Just keep in mind that while being truthful to each other is crucial, it should also be done in a manner where the truths can land in a safe place. This requires both parties to learn how to approach and handle uncomfortable topics in tactful ways so that you’ll feel secure and encouraged to be honest with each other continuously in the long run.
Being in a relationship shouldn’t mean neglecting your own hobbies, wants and needs. In fact, setting time aside to do things for yourself and have proper self-care, can help to promote healthy boundaries and the overall health of your relationship. As relationship expert and author of That Which Doesn’t Kill Us: How One Couple Became Stronger at the Broken Places, Charlie Bloom, reminds us – our responsibility to provide for our own well-being is as important as my responsibility to others.

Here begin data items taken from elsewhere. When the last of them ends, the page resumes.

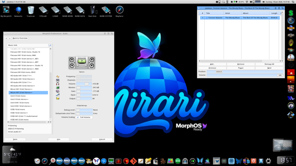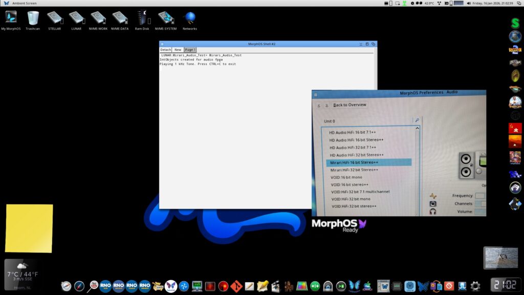 Jan 18 2026,..The first version of the onboard audio driver has been finalized and compiled by Harald. This means there is no need for an additional soundcard in the Mirari mainboard anymore to have sound when using the MorphOS operating system. Another big step forward.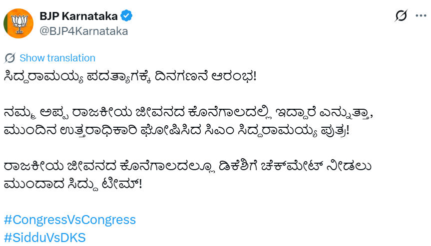 ಇದಕ್ಕೆ ಪ್ರತಿಯಾಗಿ ಬಿಜೆಪಿ ಟ್ವಿಟ್ಟರ್ (ಎಕ್ಸ್) ನಲ್ಲಿ ಕಟು ಟೀಕೆ ಮಾಡಿದ್ದು, “ಸಿದ್ದರಾಮಯ್ಯ ಪದತ್ಯಾಗಕ್ಕೆ ದಿನಗಣನೆ ಆರಂಭವಾಗಿದೆ. ನಮ್ಮ ಅಪ್ಪ ರಾಜಕೀಯ ಜೀವನದ ಕೊನೆಗಾಲದಲ್ಲಿದ್ದಾರೆ ಎಂದು ಹೇಳಿ, ಮುಂದಿನ ನಾಯಕನ ಸೂಚನೆ ನೀಡಿದ ಯತೀಂದ್ರ – ಡಿಕೆಶಿಗೆ ಚೆಕ್ಮೇಟ್ ನೀಡಲು ಸಿದ್ದು ಟೀಮ್ ಸಜ್ಜಾಗಿದೆ” ಎಂದು ಟ್ವೀಟ್ನಲ್ಲಿ ವ್ಯಂಗ್ಯವಾಡಿದೆ.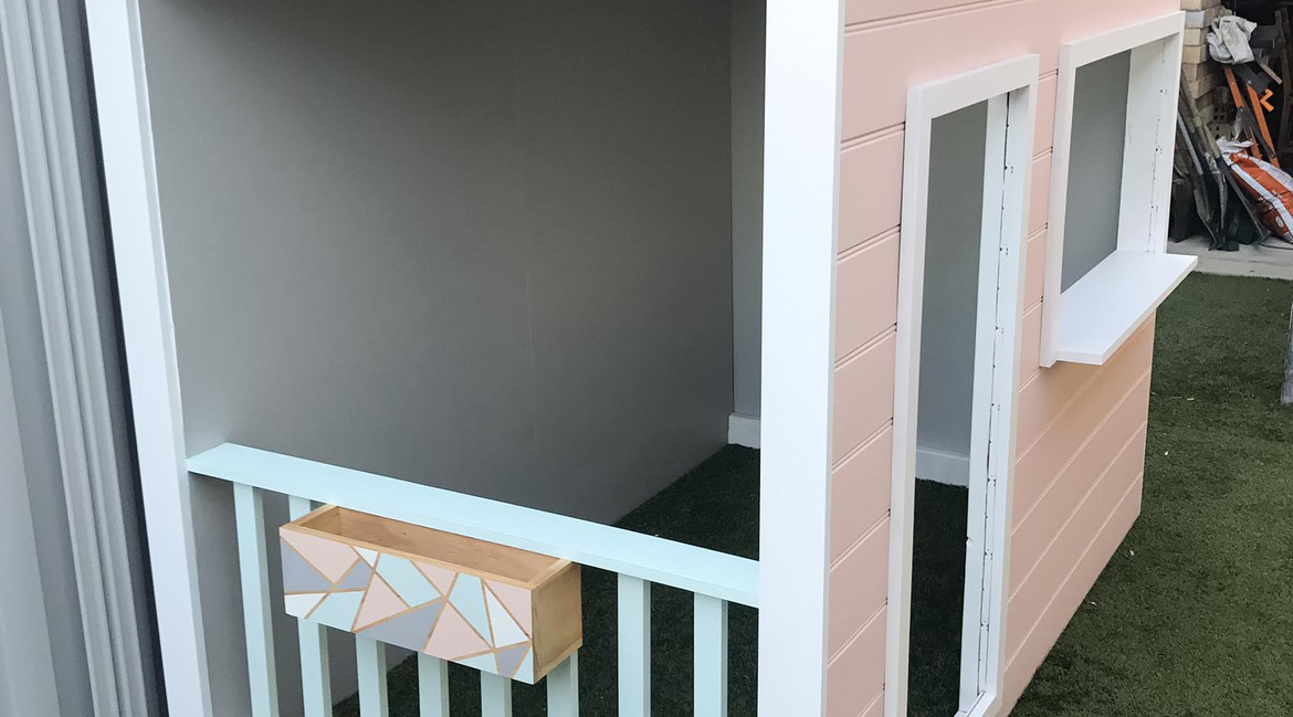 Pete created a bespoke cubby house featuring tongue-and-groove cladding, a custom picket fence and even a planter box.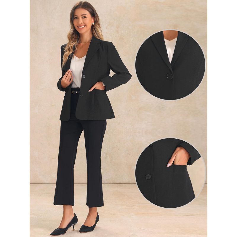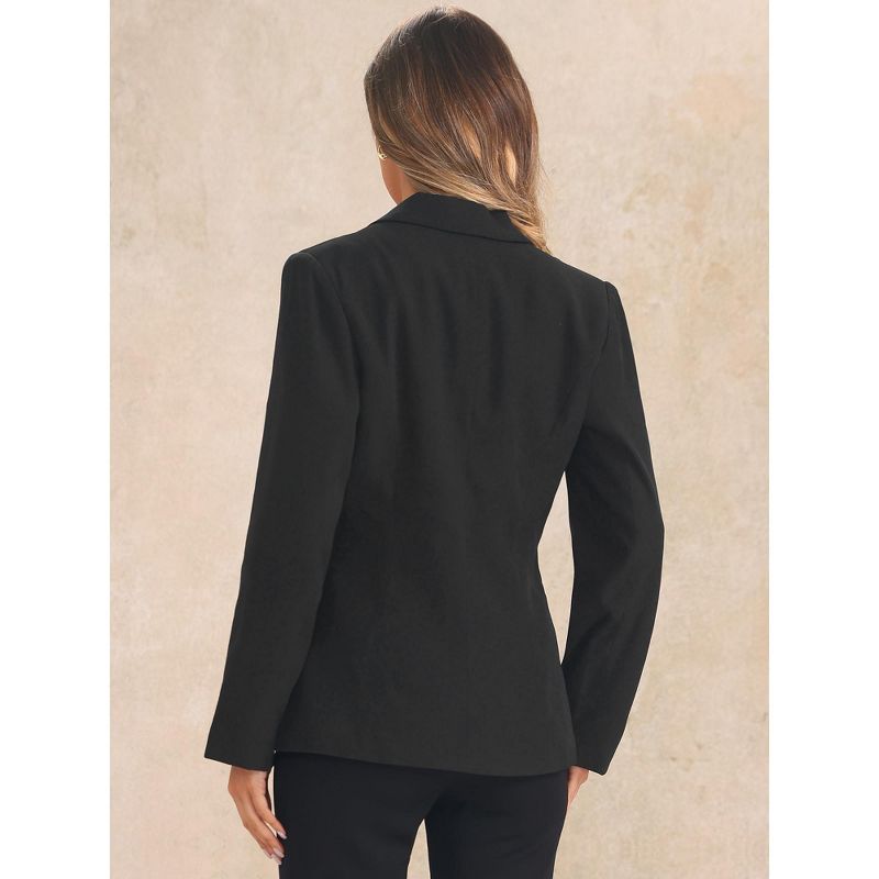 Allegra K Women's Lapel Long Sleeve Pockets Shoulder Pads Blazers Black Small

It is essential to recognise that conflicts are part and parcel of relationships, but not all conflicts have to escalate or leave significant damage to your relationship. The key is to know how to manage and resolve conflicts in a healthy and respectful manner. Here is some general kauniita Venezuelan naiset advice to keep and remember when you’re all riled up in an argument:
If what you need sometimes is a little “me time” to recharge yourself so that you’ll have enough energy and mental capacity to further nurture your relationships, do it!
Listen – as much as you have strong convictions about something, your partner’s views deserves to be heard as well.
Make sure you’re fighting fair – keep the focus on the issue at hand and respect the other person. Don’t start arguments over things that cannot be changed.
Don’t attack someone directly – use “I” statements to communicate how you feel. E.g. instead of “you make me feel bad”, try “I feel bad when you…”.
Ask yourself what role you played in this issue – instead of reacting to your partner with an emotionally-charged response, take time to think, reflect, and develop insight into why and how this issue arose in the first place.
Don’t drag old arguments into the mix – rather than looking to past conflicts and grudges and assigning blame, focus on what you can do in the present to solve the problem.
Honesty builds trust between you and your partner, and sets your relationship up for better chances of success
Give yourselves “time outs” – if the argument gets heated, the conversation cannot be productive and there’s a higher chance for someone to do or say something they’ll regret. Take a few minutes away from each other to calm down and have a think before you talk about the issue at hand again.
Know when to let something go – if you can’t seem to reach an agreement, and it’s not a non-negotiable boundary or issue to you, you can choose to disengage and agree to disagree.
Building on the previous point, healthy relationships are built on compromise. It helps for both parties to know what’s truly important for each other and themselves because it leaves more room for empathy and compromise. Partners must make an effort to ensure that there’s a reasonable exchange between the two, which helps to reduce anger and resentment for either party.
For many, physical intimacy is an important aspect in a committed relationship. That includes sex, hand holding, hugs, kisses and other forms of affectionate touch. Just as how it’s advisable to purposefully carve out quality time for you and your partner, it can also help to schedule or plan regular couple time or date nights if you both have busy schedules. Physical intimacy can help boost the production of oxytocin and dopamine in our brains, which can strengthen feelings of connection, bonding and trust between couples. The process of sex itself also helps strengthen relationships due to open and honest communication that’s required during the act.